Finally onto the Greek. I’ve been finding things clicking into place in my skull lately. A major success was when Anna, my teacher, moved on from giving me verbs for ‘I do(whatever)’ to learn just in present, past and future, but all the other cases/versions. In English I fly, you fly, he flies, she flies, it flies, we fly, they fly, so it is all pretty easy. In Greek there is another version of ‘you fly’ that is a polite or refers to more than one ‘you’. And all of these are singular distinct words i.e. ‘I fly’ is one word, as is each of the rest, and as are the past tenses and the future tenses (though usually these last start with a separate ‘THa’ which is will or shall). Learning these lists of 18 verbs (he, she & it are all the same) I suddenly started to understand the rules.
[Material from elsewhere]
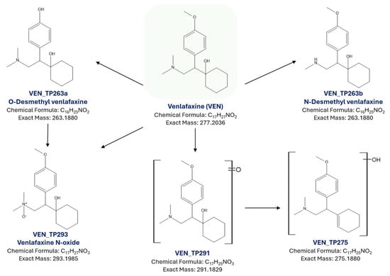 The following supporting information can be downloaded at https://www.mdpi.com/article/10.3390/molecules30183720/s1. Figure S1. Experimental MS/MS spectra of [M + H]+ ions of VEN and its detected TPs acquired by data-dependent acquisition mode. Table S1. Advanced oxidation processes for venlafaxine (VEN) removal.

Now, if I learn just the ‘I do (whatever)’ verb, which I have to add is the only version you’ll find in Greek-English dictionaries, I can work out the other 17.

 
This is all great stuff, but sorting through list of verbs in my skull, or trying to work out the correct version to use, doesn’t much help with my conversational skills. By the time I’m ready with my reply the Greek in question has wandered off and trimmed a couple of olive trees. Now, therefore, the format of my lessons has changed: more talk and less writing.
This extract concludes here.